Ever since I started hosting Thanksgiving dinner many years ago, I have been on a quest to make the perfect Thanksgiving turkey. I’ve brined it, deep-fried it, marinated it, injected it, buttered it, dry-rubbed it, butterflied it, and stuffed it. I’ve tried Kosher turkeys, organic turkeys, free-range turkeys and self-basting turkeys. A few years ago, I even bought an oil-less outdoor propane turkey fryer called “The Big Easy,” which freed up my oven and actually made a wonderfully crisp-skinned and juicy turkey. (If you want to spend $115 on a large piece of equipment that will likely sit in storage collecting cobwebs 364 days a year, I highly recommend it!)
From all this fussing with turkeys, I’ve come to realize that my turkey will never be perfect. Let’s face it: turkeys, on their own, just aren’t very good. That’s what gravy and cranberry sauce are for.
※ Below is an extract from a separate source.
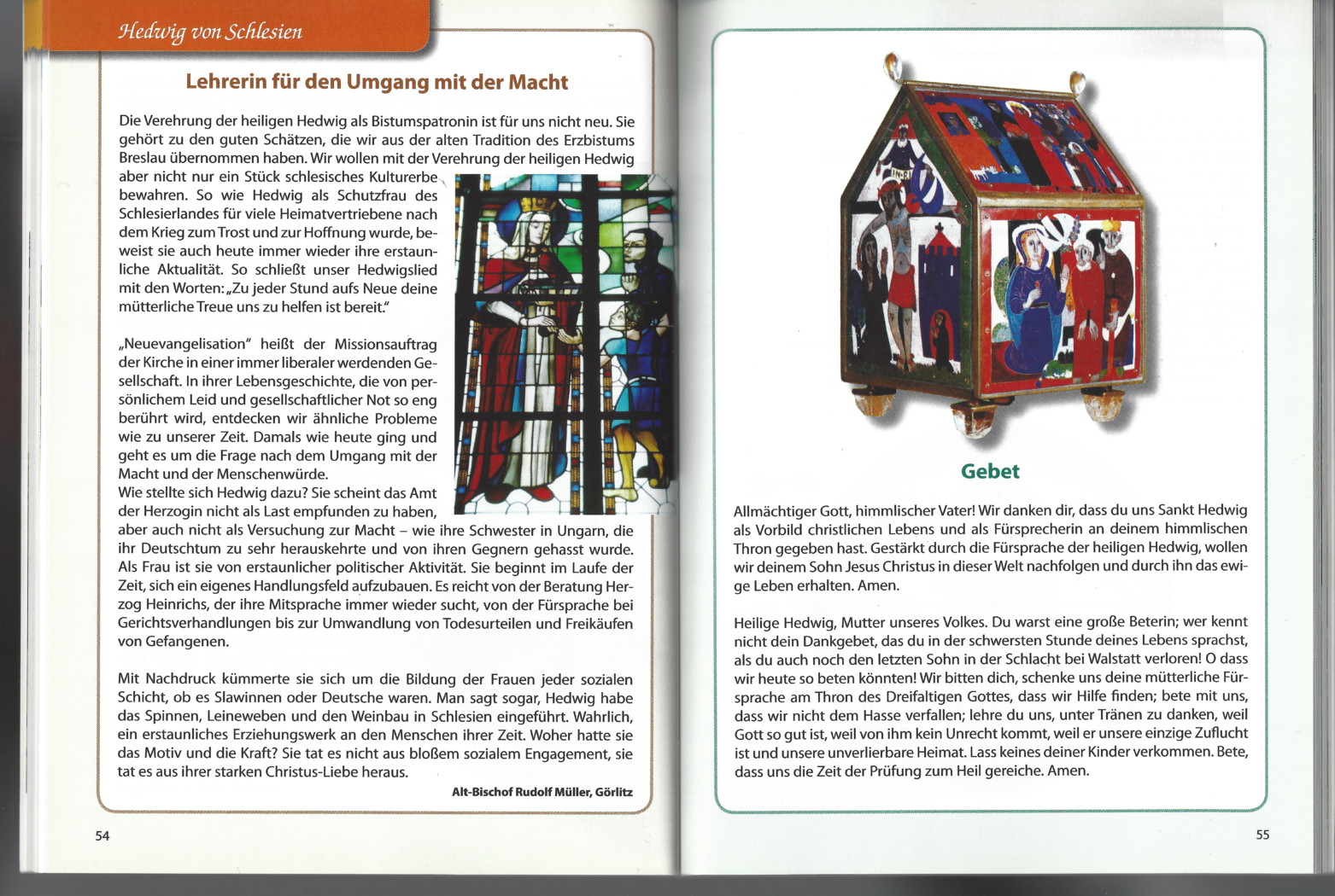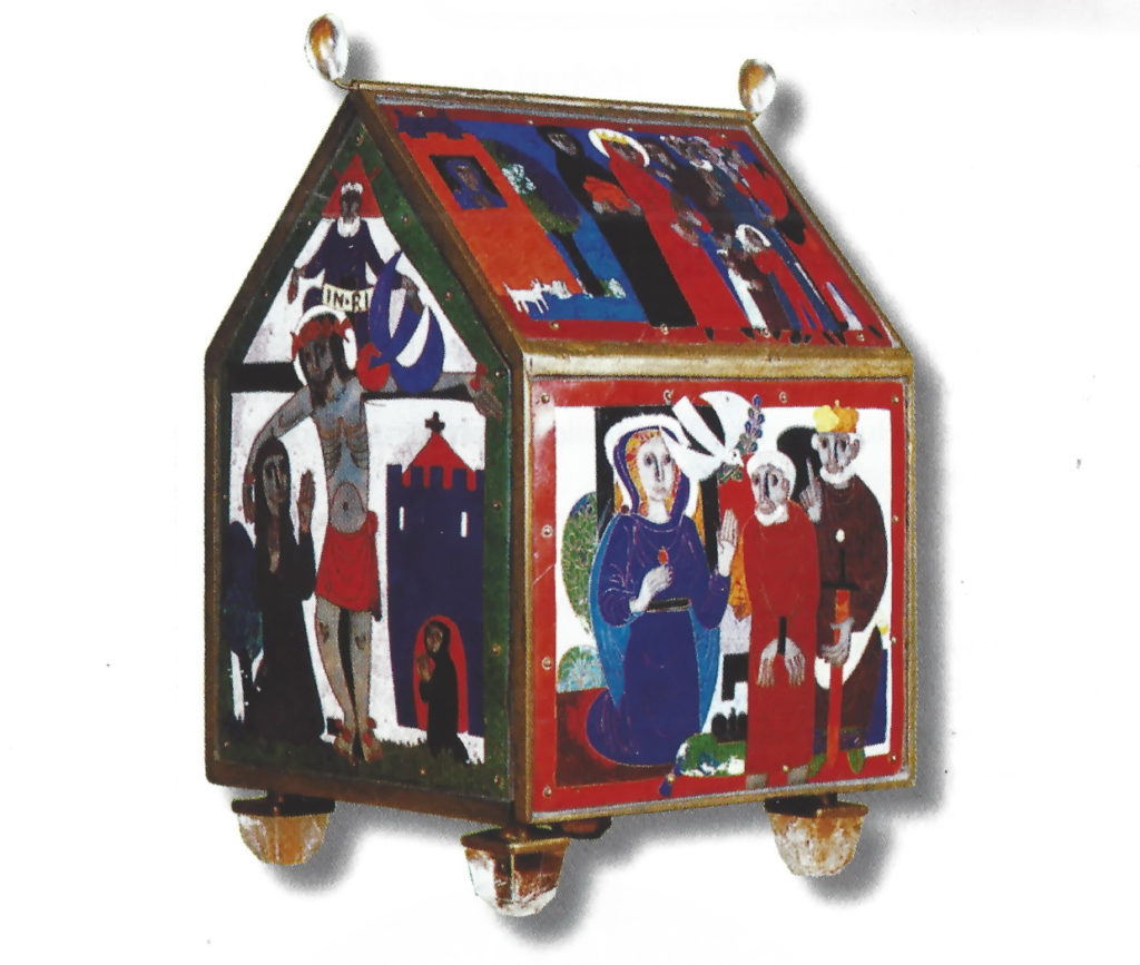Das Reliquiar birgt ein Stückchen vom Haupt der heiligen Hedwig. Der bekannte Kölner Künstler Egino Weinert hat es 1982 für unsere Gemeinde geschaffen. Es hat die Form eines kleinen Hauses, etwa 30 cm hoch und 20 cm breit. Alle 6 Flächen zeigen Emaillearbeiten mit Darstellungen aus dem Leben der heiligen Hedwig.

As Mary Risley from Tante Marie’s Cooking School humorously points out in the video below (which you should definitely watch, especially if you have any turkey-cooking anxiety), “I have never had an outstanding turkey.”
(Viewer discretion advised — this funny video contains some foul language)
Short of purchasing a special turkey cooker (this is the one I have), it is near impossible to cook a turkey perfectly: the white meat always cooks before the dark meat is done and the skin on the bottom is never crisp (unless you flip the hot, sputtering bird mid-way through cooking – ummm, no thank you).
So is it really worth it to go to great lengths – brining in big coolers for days in the garage, risking life and limb deep-frying in the driveway, pre-icing the breast of the turkey so it cooks more slowly (I swear, there’s a very respectable cooking magazine that wants you to do this) – to make that end-all and be-all turkey?
It’s up to you, but I’m not interested in babysitting my turkey for three days to get only marginally better results at the end.
My advice to you on Thanksgiving is to keep it simple. Make my easy roast turkey with an over-the-top delicious gravy and some cranberry sauce to go with it. Focus your time and creativity on the side dishes and desserts because that’s what everyone really looks forward to anyway.
My favorite turkey recipe uses the high-heat roasting method. It requires no brining or stuffing, fancy seasoning, trussing, or injecting. It’s just a plain ol’ turkey seasoned with olive oil, salt and pepper and roasted in a 450°F-oven until the skin is crispy and brown and the meat is juicy. From all my turkey travails, I can tell you that this simple high-heat roasting method is the absolute best way to cook a turkey.
And, believe it or not, the turkey cooks in 1 to 1-1/2 hours. I know it sounds impossible if you’ve been waking up early for the last twenty years to slow-cook your turkey but I promise you it works. The turkey is cooked to an internal temperature of 160°F in the oven (not the 175°F to 180°F many recipes recommend) and comes up to 165°F (the USDA recommended safe temperature for turkey) while it rests.
Finally, keep in mind, while the high-heat method results in a juicy, crisp-skinned turkey, it will still taste like turkey! The gravy and cranberry sauce are what make it taste good.
A Few Final Thoughts on Turkey
– Depending on where you buy your turkey, you might be presented with several options like Organic, All-Natural, Kosher or Self-Basting. I like Kosher turkeys best but they can be expensive and hard to find. I’ve also had good results with Whole Foods’ turkeys. (If you want to read more about the different types of turkeys, click here.)
– Most turkey recipes will advise you to save the turkey giblets to make turkey stock and gravy. It’s a good idea but, to be honest, I never bother – there’s too much other cooking to do on Thanksgiving. The drippings from the roasted turkey will give you plenty of flavor for your gravy, and you can use store bought chicken broth for the rest. Keep it simple!
– No matter how you cook your turkey, leave it un-trussed (don’t tie the legs together) – it’s easier and the turkey will cook more evenly. Many turkeys come with a plastic binder that holds the legs together; just cut it off. Or sometimes the skin is pulled around the legs to hold them together; you can cut that off as well.
– Don’t go crazy trying to flavor your turkey with herbs and spices. Salt, pepper and oil the skin and you’re good to go. Anything else is unnecessary and gets overshadowed by the gravy and all the side dishes anyway.
– Don’t worry about basting the bird; it’s not necessary and let’s heat out of the oven, which increases the cooking time.
– Don’t stuff your turkey – it will cook faster and you won’t have to worry about giving your guests salmonella. Plus, your stuffing will be mushy if you cook it inside the bird. Why have soggy stuffing when you can bake it separately in the oven and have it crisp and toasty on top?